Data entries
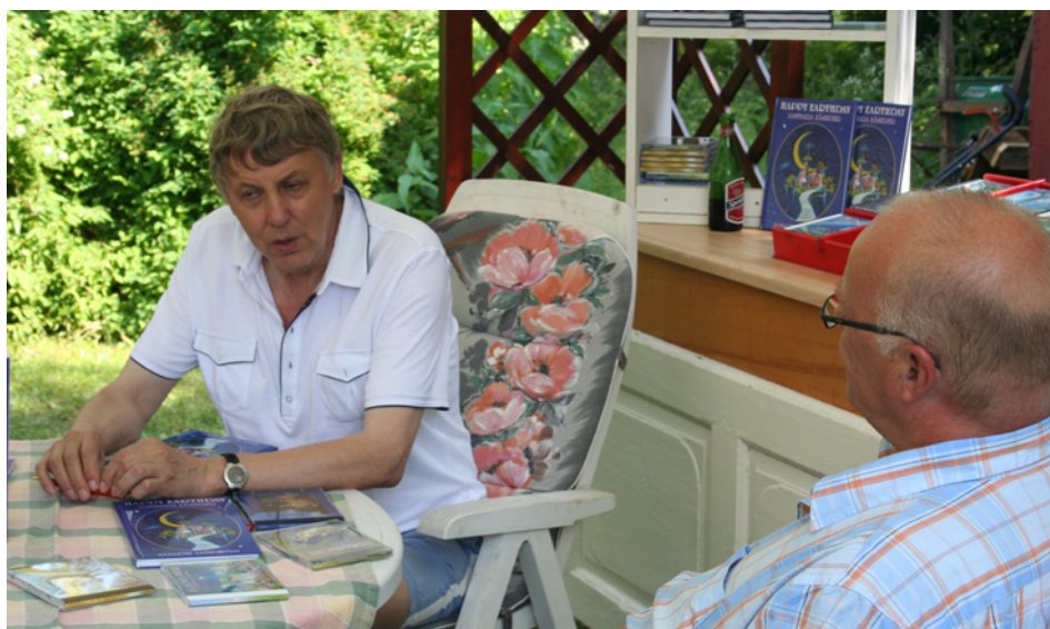
Ralph Lundsten signerade skivor och böcker till hugade fans. Här intervjuas han av lokalpressen.
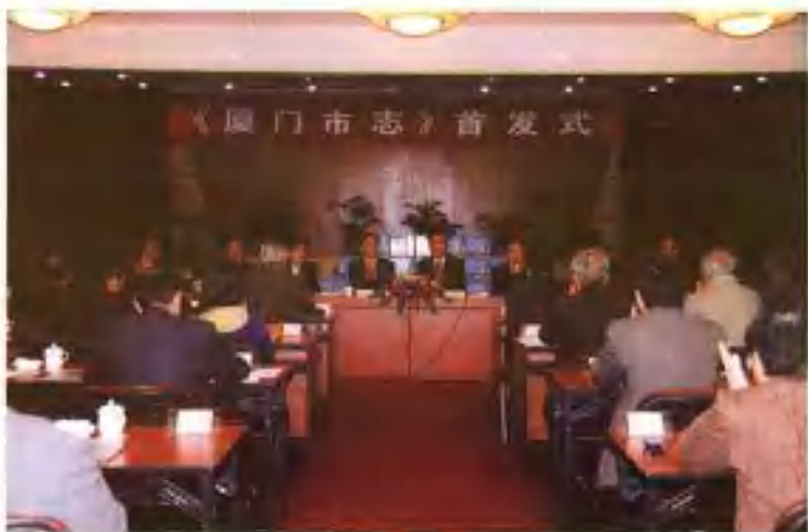
2005年1月14日，市政府在厦门宾馆明宵厅举行《厦门市志》首发式。
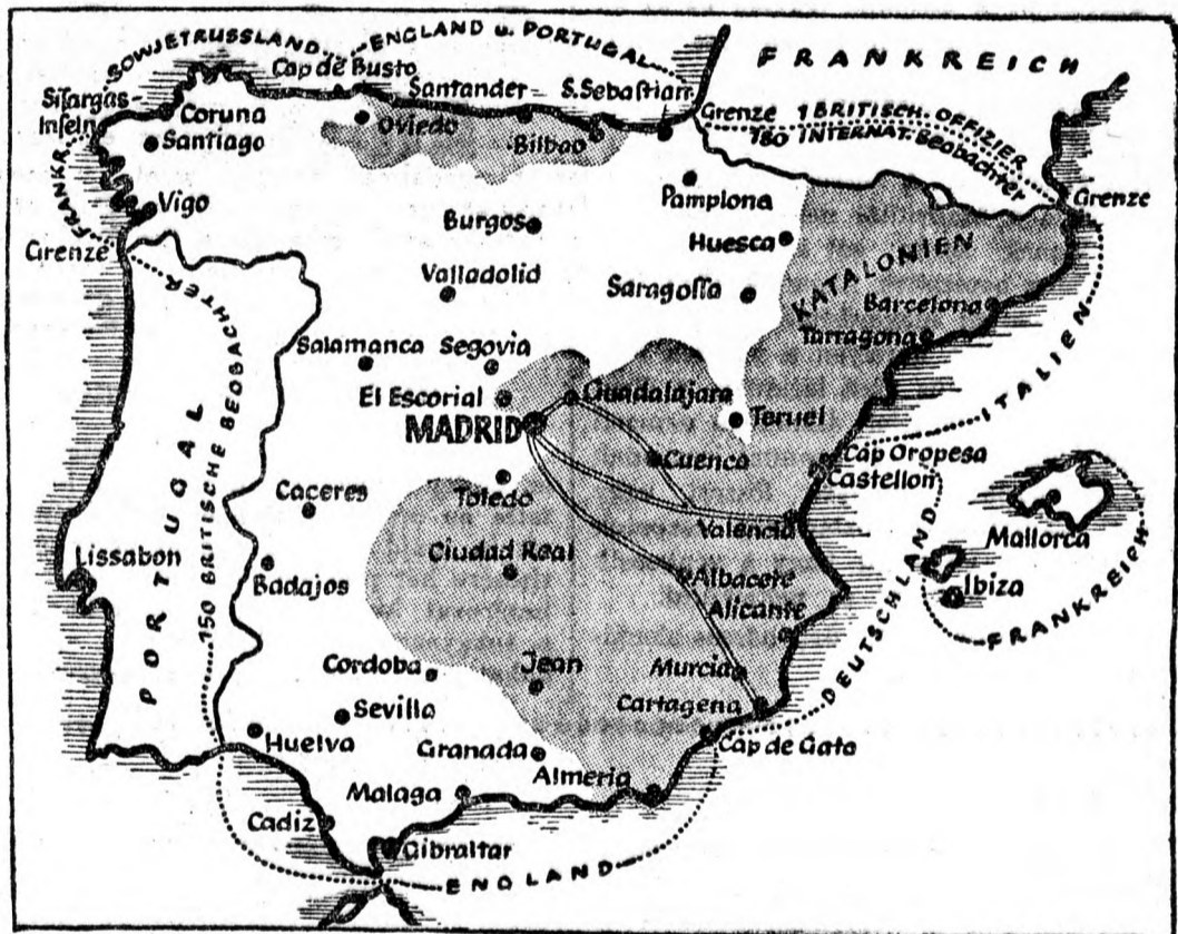
A spanyol polgárháború mai állása:

Mint ahogy ez az iskola padjaiban szokás. (J. B.)
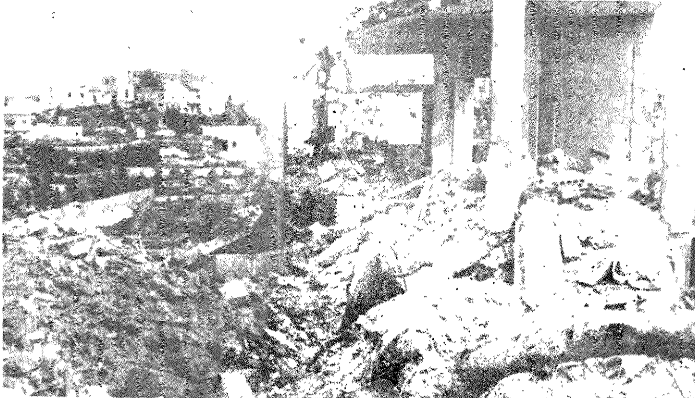
شهر دامور در ۲۵ کیلو متری بیروت، پس از بمبارانهای صهیونیستهای اسرائیلی. هیئت نمایندگی حزب توده ایران از این شهر دیدن کرد.
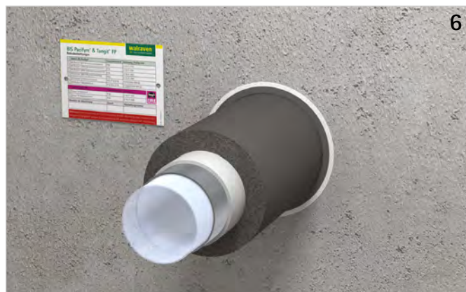
Das Kennzeichnungsschild ausfüllen und neben der Abschottung anbringen.
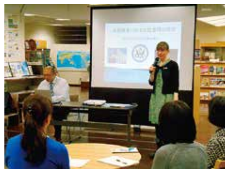
2014年3月7日(金) 講演「米国務省にみる女性登用の歴史」
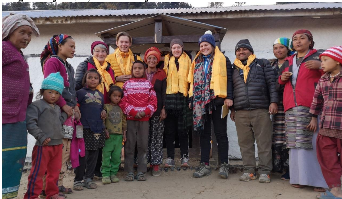
Gå Ut Senter - elever ble velsignet på de jordløses jord og i deres hus.

Fra 4 000 meters høyde reiste vi ned i andre høydepunkt, på besøk til de siste husene som ble bygget ferdig i juli. Vi fikk møte fire familier. Alle hadde samlet seg på tunet der to brødre har fått hus. Alle menn var ute på arbeid, mens kvinnene som arbeidet i nærområdet, møtte oss. De hadde vært jordløse i minst tre generasjoner. Å bli tatt inn i deres historier og deres gleder over hvordan livets vending og håp, berører oss og er til stor lærdom for oss. Det var historiefortellere fra Gå ut Sentret, så kanskje får dere lese historiene deres senere?
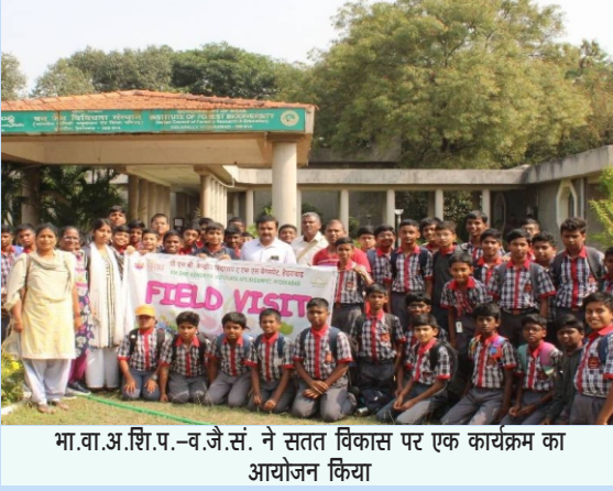
भा.वा.अ.शि.प.—व.जै.सं. ने सतत विकास पर एक कार्यक्रम का आयोजन किया
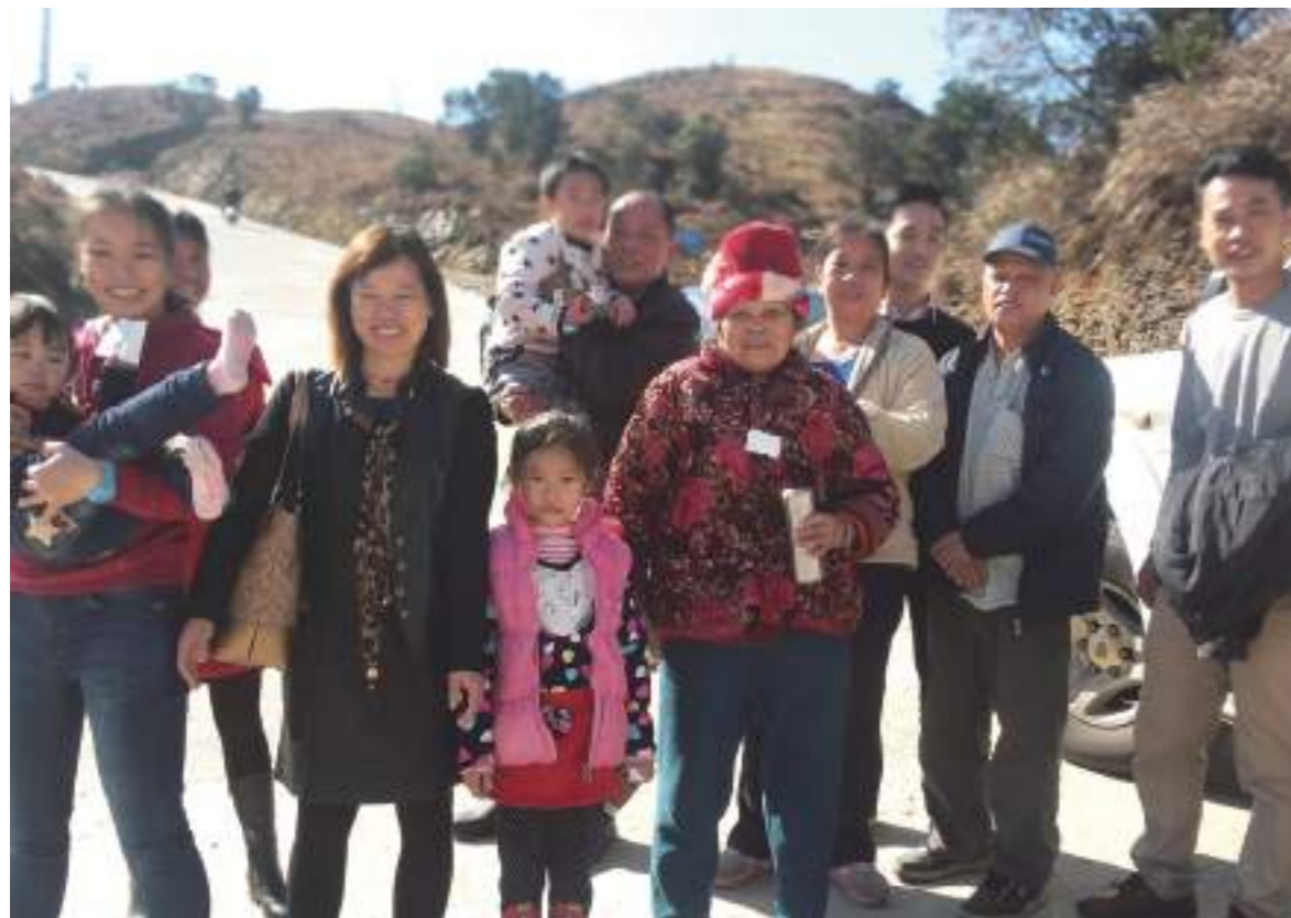
與外婆以及親戚們出外遊玩溫馨大合照

> Work order:
Retype only the lines above from the one with "A spanyol polgárháború" through the one with "Gå Ut Senter", exactly and with both ends. Images stay out.

> Output for this exercise:
A spanyol polgárháború mai állása:

Mint ahogy ez az iskola padjaiban szokás. (J. B.)
شهر دامور در ۲۵ کیلو متری بیروت، پس از بمبارانهای صهیونیستهای اسرائیلی. هیئت نمایندگی حزب توده ایران از این شهر دیدن کرد.
Das Kennzeichnungsschild ausfüllen und neben der Abschottung anbringen.
2014年3月7日(金) 講演「米国務省にみる女性登用の歴史」
Gå Ut Senter - elever ble velsignet på de jordløses jord og i deres hus.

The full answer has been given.